> **Information supplied**
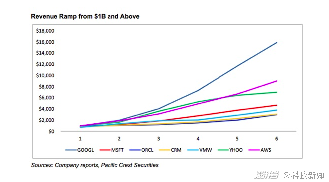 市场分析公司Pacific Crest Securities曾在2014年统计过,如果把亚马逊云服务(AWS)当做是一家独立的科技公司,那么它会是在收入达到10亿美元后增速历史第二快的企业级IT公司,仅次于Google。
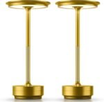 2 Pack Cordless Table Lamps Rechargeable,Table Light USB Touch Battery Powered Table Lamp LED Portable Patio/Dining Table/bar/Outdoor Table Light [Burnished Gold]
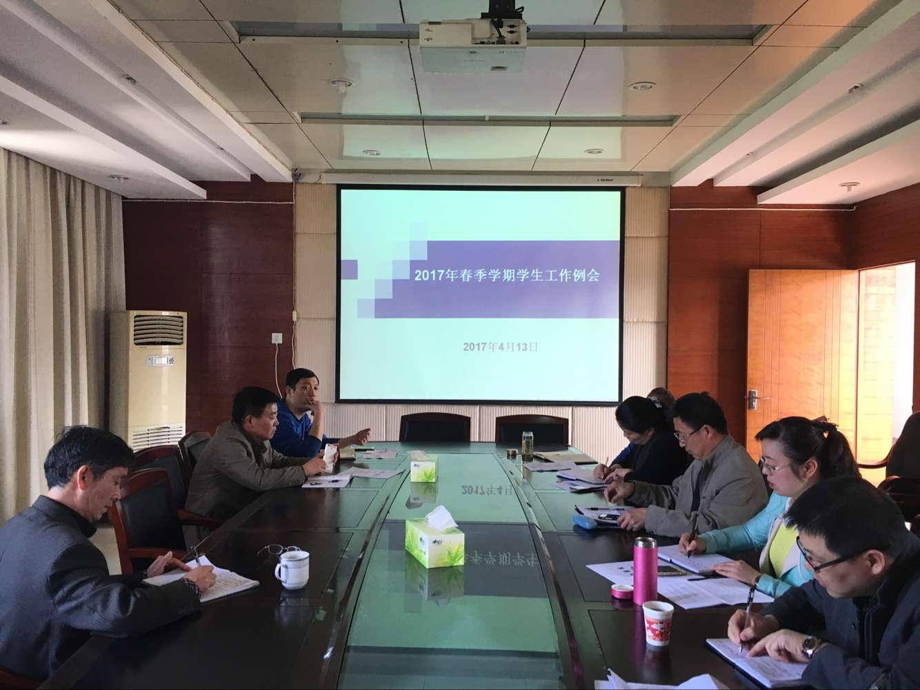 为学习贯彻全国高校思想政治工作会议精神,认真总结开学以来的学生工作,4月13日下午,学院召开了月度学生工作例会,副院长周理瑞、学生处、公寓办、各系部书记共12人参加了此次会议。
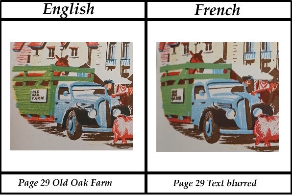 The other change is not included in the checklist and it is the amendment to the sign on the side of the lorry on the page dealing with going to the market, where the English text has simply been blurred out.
...
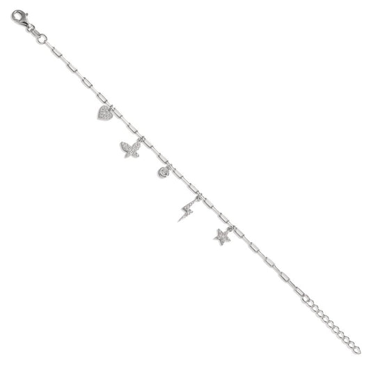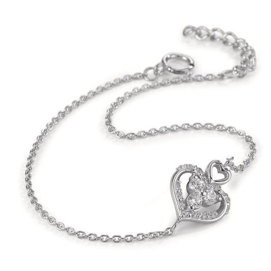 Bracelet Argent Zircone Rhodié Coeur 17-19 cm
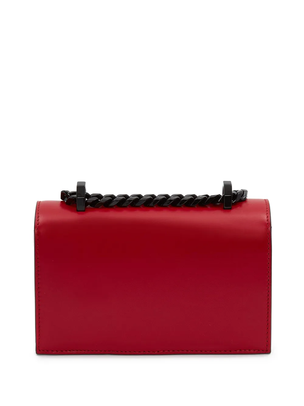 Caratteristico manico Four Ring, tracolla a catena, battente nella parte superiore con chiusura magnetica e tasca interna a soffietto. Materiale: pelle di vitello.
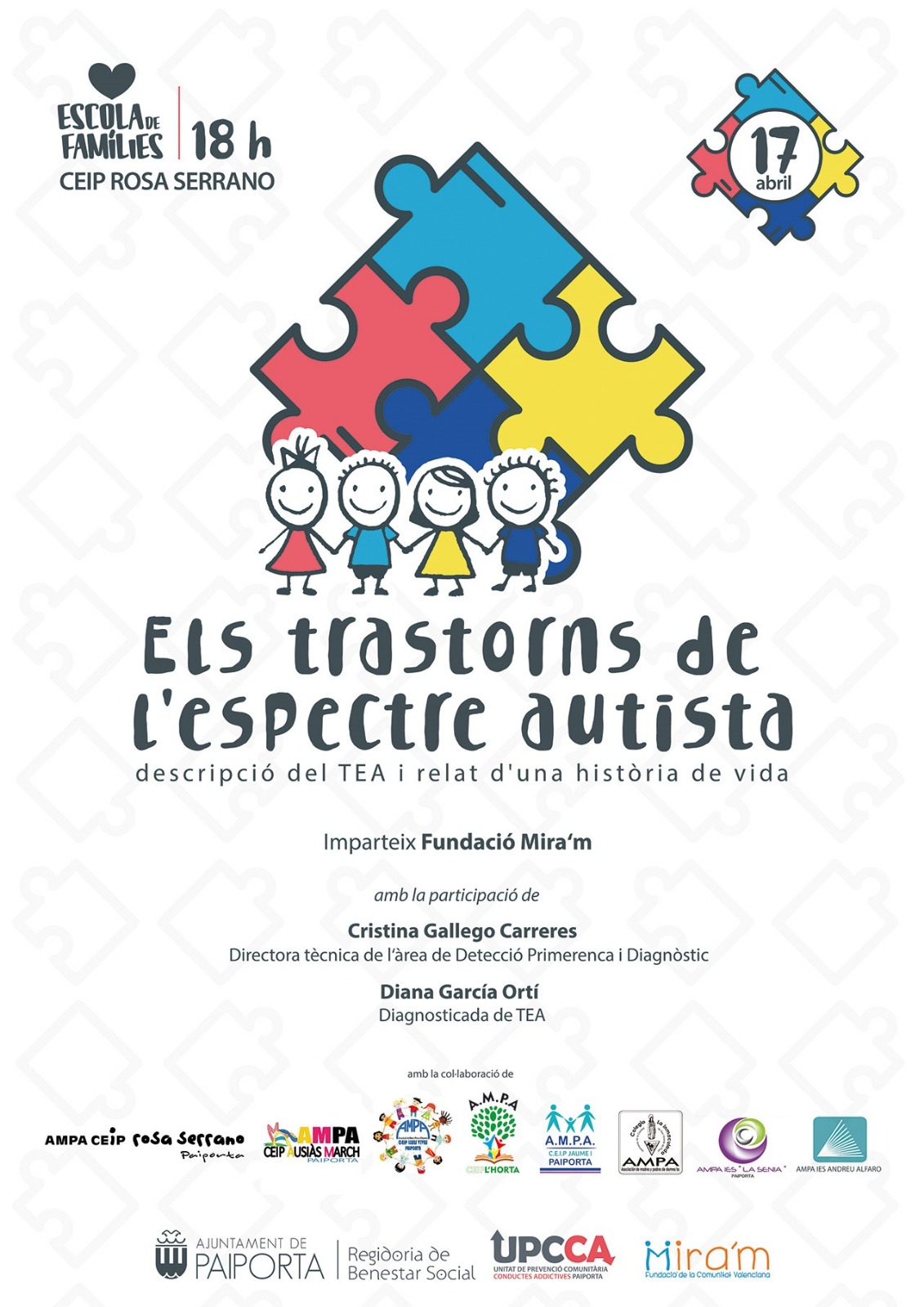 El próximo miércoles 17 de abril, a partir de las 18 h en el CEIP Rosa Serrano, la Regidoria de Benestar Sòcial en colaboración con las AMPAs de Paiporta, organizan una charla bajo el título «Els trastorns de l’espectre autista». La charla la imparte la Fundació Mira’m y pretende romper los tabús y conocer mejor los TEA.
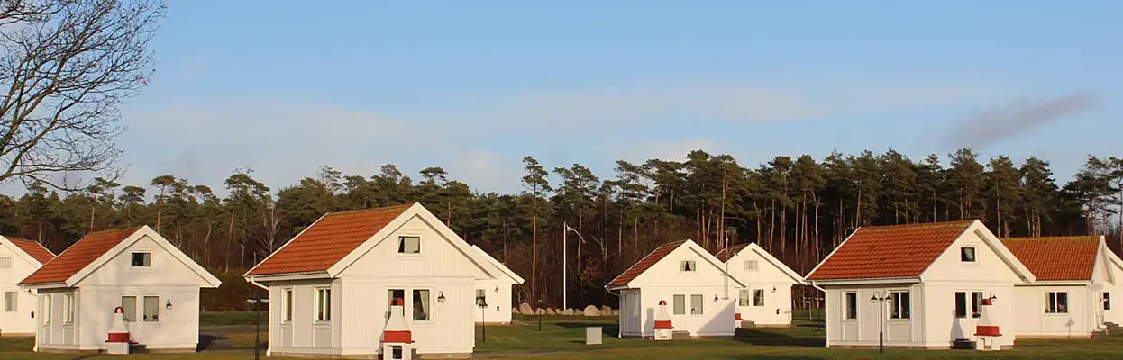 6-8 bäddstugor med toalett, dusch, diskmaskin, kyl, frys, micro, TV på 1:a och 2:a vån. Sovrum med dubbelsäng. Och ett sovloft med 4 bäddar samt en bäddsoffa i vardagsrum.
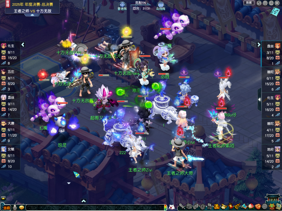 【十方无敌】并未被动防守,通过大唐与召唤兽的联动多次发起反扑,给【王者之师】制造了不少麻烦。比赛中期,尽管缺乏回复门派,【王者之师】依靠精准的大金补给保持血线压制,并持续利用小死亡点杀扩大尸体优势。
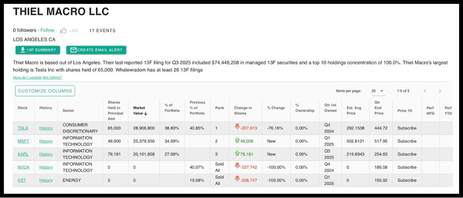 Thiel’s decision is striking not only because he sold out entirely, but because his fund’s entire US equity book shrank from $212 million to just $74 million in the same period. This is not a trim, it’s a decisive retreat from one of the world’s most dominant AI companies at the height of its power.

> **Activity**
Copy out exactly the material that runs from the line with "2 Pack Cordless" to the line with "The other change", ends included, and leave the pictures behind.

> **Response area**
 2 Pack Cordless Table Lamps Rechargeable,Table Light USB Touch Battery Powered Table Lamp LED Portable Patio/Dining Table/bar/Outdoor Table Light [Burnished Gold]
 为学习贯彻全国高校思想政治工作会议精神,认真总结开学以来的学生工作,4月13日下午,学院召开了月度学生工作例会,副院长周理瑞、学生处、公寓办、各系部书记共12人参加了此次会议。
 The other change is not included in the checklist and it is the amendment to the sign on the side of the lorry on the page dealing with going to the market, where the English text has simply been blurred out.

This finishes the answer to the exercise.